Wednesday 21 June 2017

When life gives you strawberries

I rescued what may well be the last of this year's strawberries. Extreme heat and some sort of crawly things are finishing them off.  By the end of day three the children are complaining. "What's for pudding?" Max asks at 7:30 in the morning.  I tried to counter the obsessing about food by posting a monthly menu on the fridge, but it didn't occur to me to detail puddings.
"Strawberries." I hazard. It is half way through the month and there is no more money, so eating from the meagre front garden is a way of providing them with vitamins.
"Oh, not again." he sighs as he finds them secreted in his lunch box as well.

I honestly never remember complaining about the surfeit of strawberries in my life.  When we get in, I ask Pip and Rex to pick the fruit from the front garden, but after 35 seconds it is too warm and they both slink into the house to sit in darkened rooms with screens.  They're also really rubbish and I discover a good 2 tubs full.  It's like finding tiny red treasure.  But many of them are really little now, and very red, so they need to be picked.  Pip ignores any of the small strawberries and sees them as a sacrifice she must donate to slugs, snails and any other night spirits.

I freeze a tub for cake later in the year, leave some in the fridge, then sift through for the little ones, the slightly squishy ones, the ones that I managed to decapitate in the picking, the weird seedy ones and the cleft ones.  The ones the children might turn their noses up at.  And I make them into jam.
It's beautiful, the smell of jam brings me back to my childhood and my mum still makes much better strawberry jam than I do.  I remember small dabs setting on plates and there was always a small pyrex dish left over- the portion that didn't fit neatly into all the jars that would be stored for the rest of the year that we could have straight away, a bit too hot, the occasional semi-complete strawberry sitting in the pink nectar; the perfect sweetness and stickiness.  I've pimped my recipe - though not today - with cucumber and mint from the garden and a bit of Pimms. It's my version of the champagne jam I was bought at Christmas from Fortnum and Mason.  I like Pimms more.

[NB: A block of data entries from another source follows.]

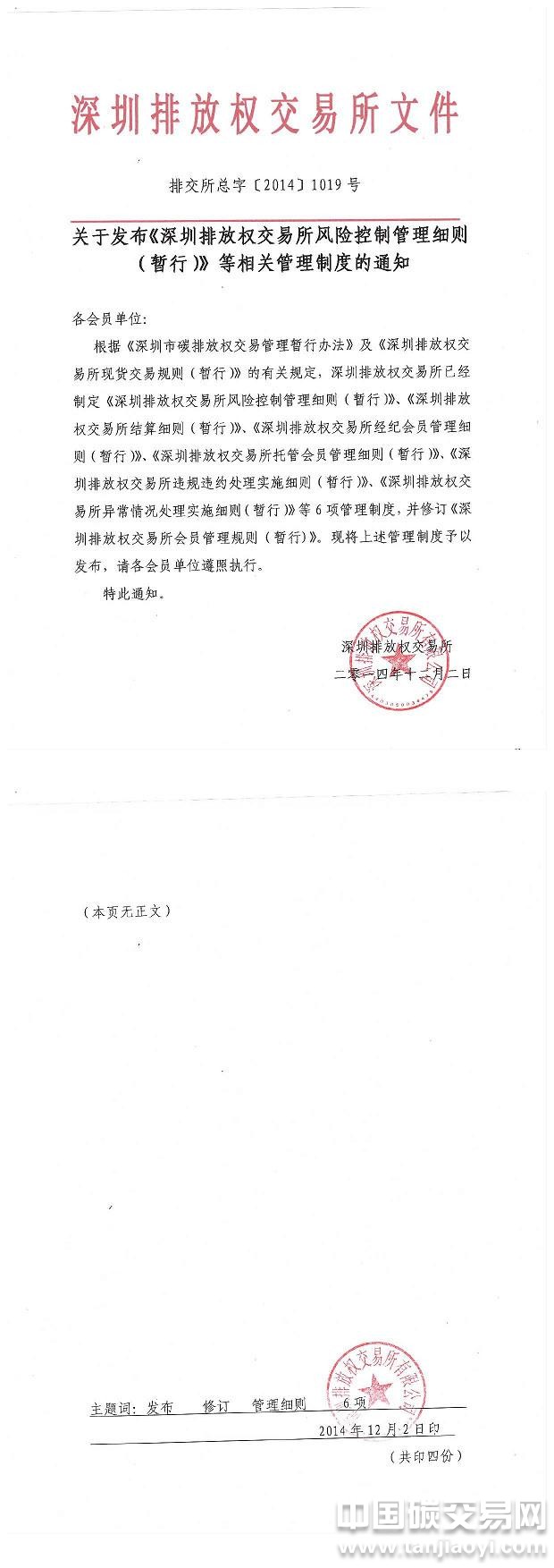 關于發(fā)布《深圳排放權交易所風險控制管理細則(暫行)》等相關管理制度的通知【排交所總字[2014]1019號】
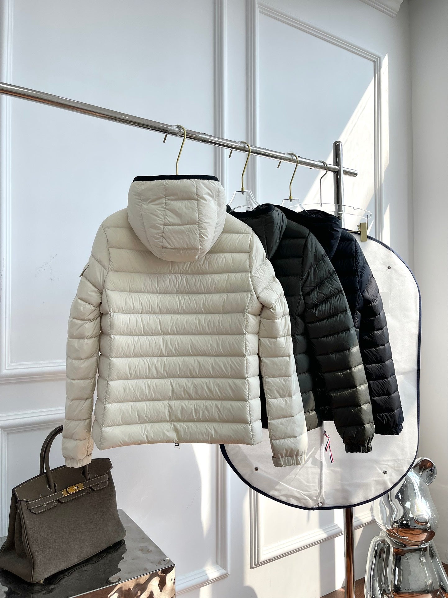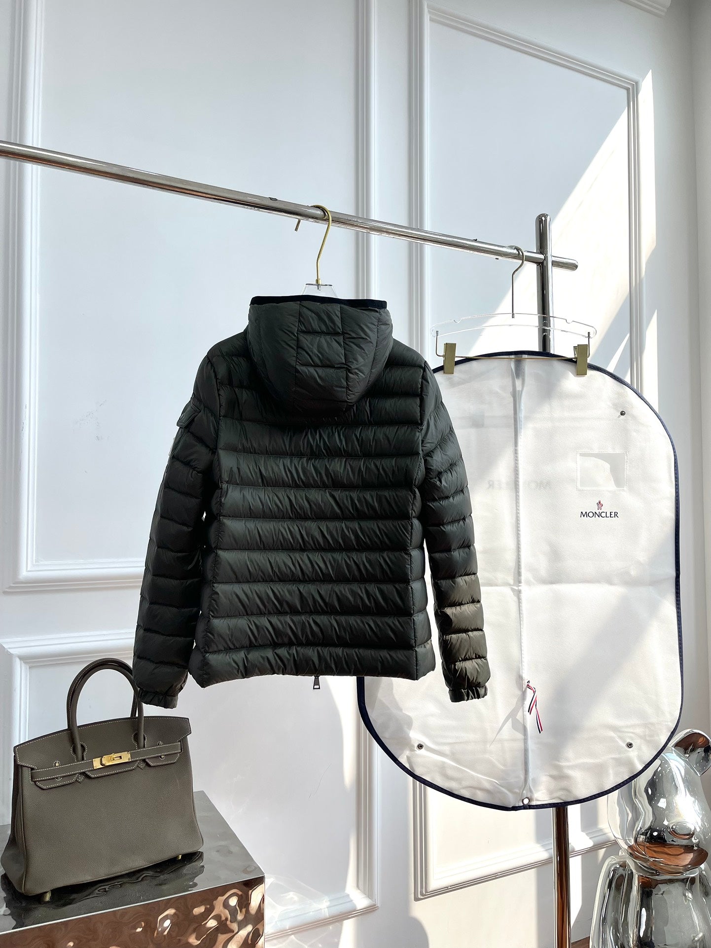 Perfect for the transitional seasons, this versatile down jacket includes practical details such as a zippered hood, webbing with windproof trim, and two external zippered pockets for convenience. Available in off-white, military green, and black, choose your size from 1 to 5 for the perfect fit.
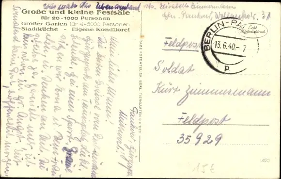 Ak Berlin Pankow, Restaurant Bürgerpark
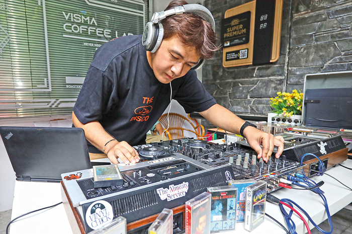 DJ PITA KASET: Faldi Allan Yoko Maru Posumah, penggiat music selector Surabaya, saat memainkan lagu-lagu lawas lewat kaset koleksinya di Visma Gallery beberapa waktu lalu.
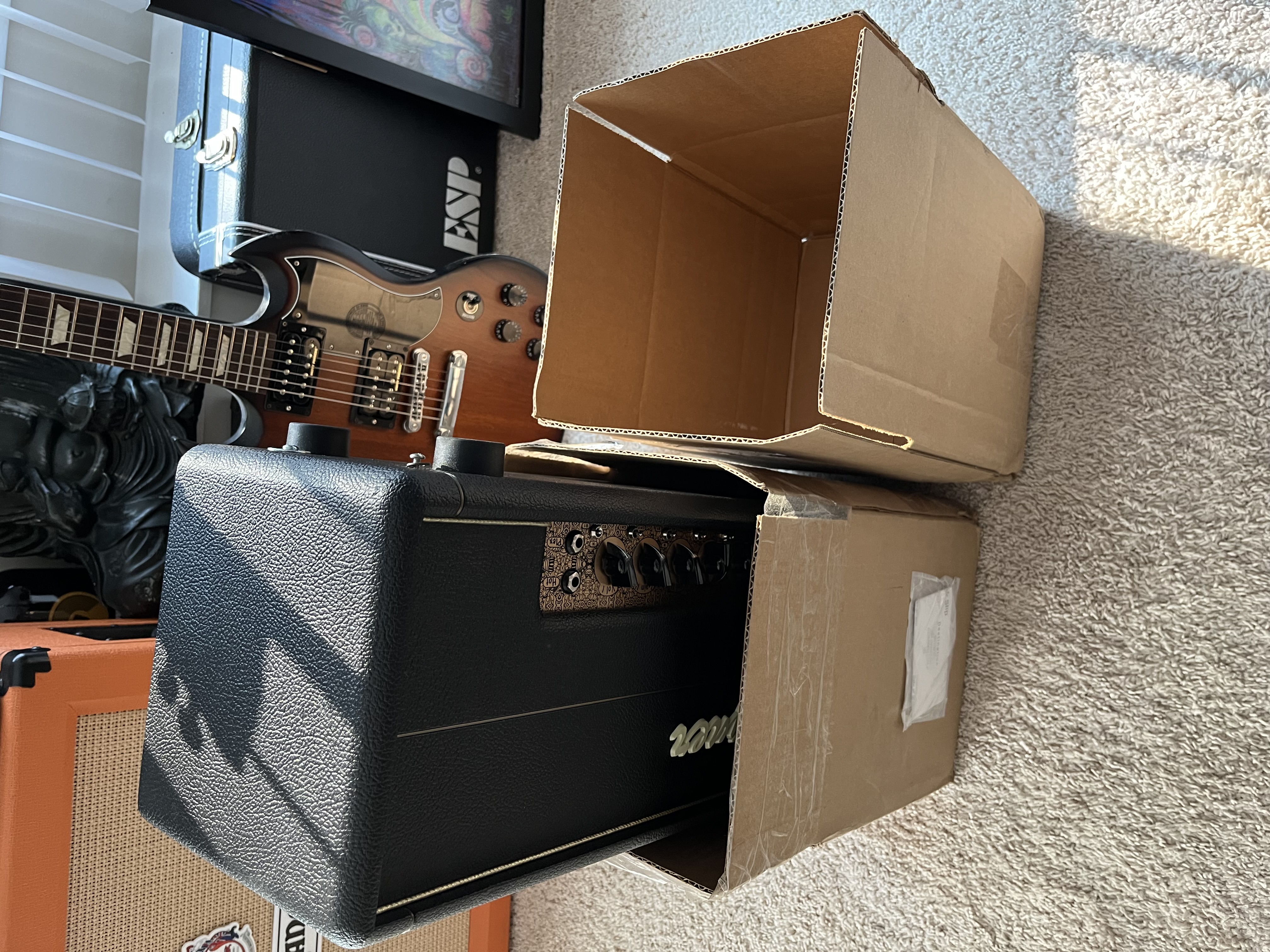 Amp is fucked. One chassis screw is hanging out of the bottom and tranny is bent. I can’t believe the headshell is intact. Powers on, no distortion, volume and gain all the way it’s barely like a loud tv.

And so this week I will make strawberry tarts, after my mum's recipe again, shortbread cases with a spoon of jam, a dab of cream and half a strawberry wedged on top.  For breakfast I will have homemade yogurt with homemade jam and home grown strawberries.  All made from the rejects, the too small, the ugly strawberries in my garden, that would otherwise have been contributed to the journey of life acting out in my 5x4 plot. 
There's something here, another message that I am trying to draw from this. I'm not sure what it is though, but the potential for allegory was too good to miss.

It might be something to do with examination marking I have completed every year for GCSE, drawing out every possible mark for the weaker students, taking twice as long to mark the shorter answers than the longer ones, making the effort to pick out as much credit as I possibly can, looking beneath the leaves for the flashes of red in the undergrowth, the sparks of interpretation and understanding beneath the confusion of poor handwriting and grammar.

Perhaps it's the story of Max, again, having almost completed a year of secondary school and sinking beneath the leaves of normality. He could be the funny-looking strawberry, the one that everyone ignores for the better, bigger, brasher strawberries, but he is as sweet as any other child.

Maybe I could have made this an an allegory for the General Election and the significance of voting.  Look at May's slim majority, and the small number of votes that were needed in some constituencies to topple or to preserve an MP.  The teeny tiny strawberry could be the vote that was needed to make a difference, on our own we don't feel important, but together we make good jam, and the jam lasts longer than the fresh strawberry promises that rot quickly if you're not careful.

Do I have a point? Details matter, effort matters. All of us can skim the surface and not engage with the deeper issues, pretend it does not concern us, but every element is significant.  6 months ago I was writing about the  year of the snowflake, and the fact that many snowflakes make an avalanche.  Now it's strawberries.  Be more strawberry. Be sweet.